Dimensionality reduction (3) LLE and other dimensionality reduction techniques

LLE

Locally Linear Embedding (LLE) is another powerful nonlinear dimensional reduction (NLDR) technology. It is a manifold learning technique and is not based on projection. To put it simply, the way LLE works is: first measure the linear correlation between each training instance and its nearest neighbors (cn), and then look for a case where these local relationships can be best preserved Low-dimensional way of representing the training set. This method is very useful when developing curved manifolds, especially when there is not much noise in the data set.

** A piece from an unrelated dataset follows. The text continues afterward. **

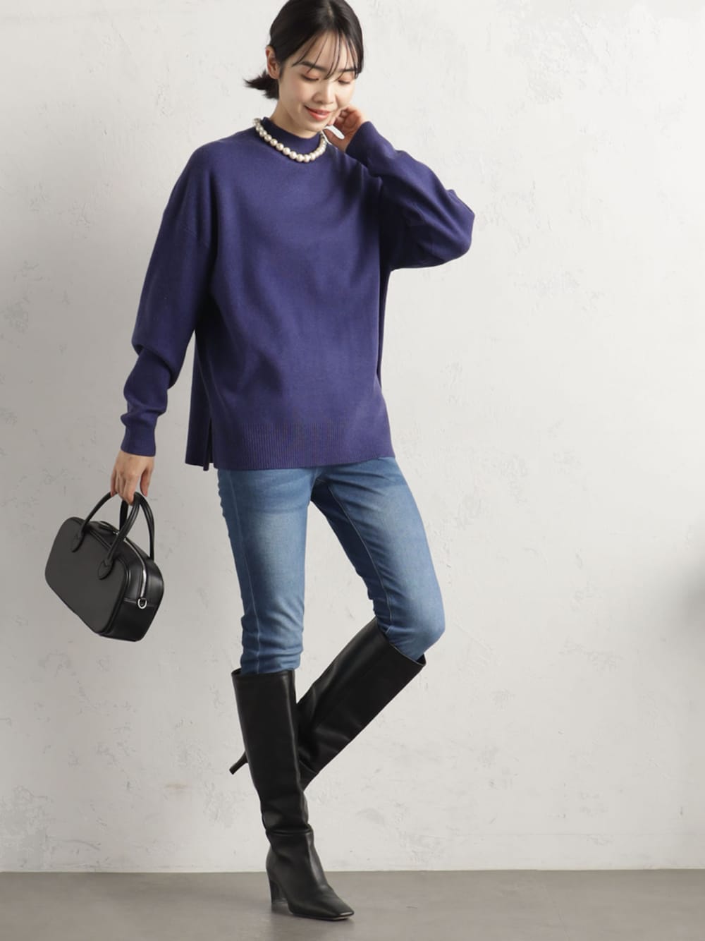 伸縮性のある、もちっとした弾力性と柔らかな肌触りが特徴のニット。 ご自宅でのお手入れも簡単な素材です。

The following code uses the LocallyLinearEmbedding class of sk-learn to expand a Swiss volume:

from sklearn.manifold import LocallyLinearEmbedding

lle = LocallyLinearEmbedding(n_components=2, n_neighbors=10)
X_reduced = lle.fit_transform(X)

 

The result of the generated 2D data set is shown below:

 

We can see that the Swiss roll is fully unrolled and the distance between the instances is very well maintained locally. However, on a larger scale, the distance has not been kept well: the Swiss roll on the left is stretched, while the right is tightened. Nevertheless, LLE still performs very well in manifold modeling.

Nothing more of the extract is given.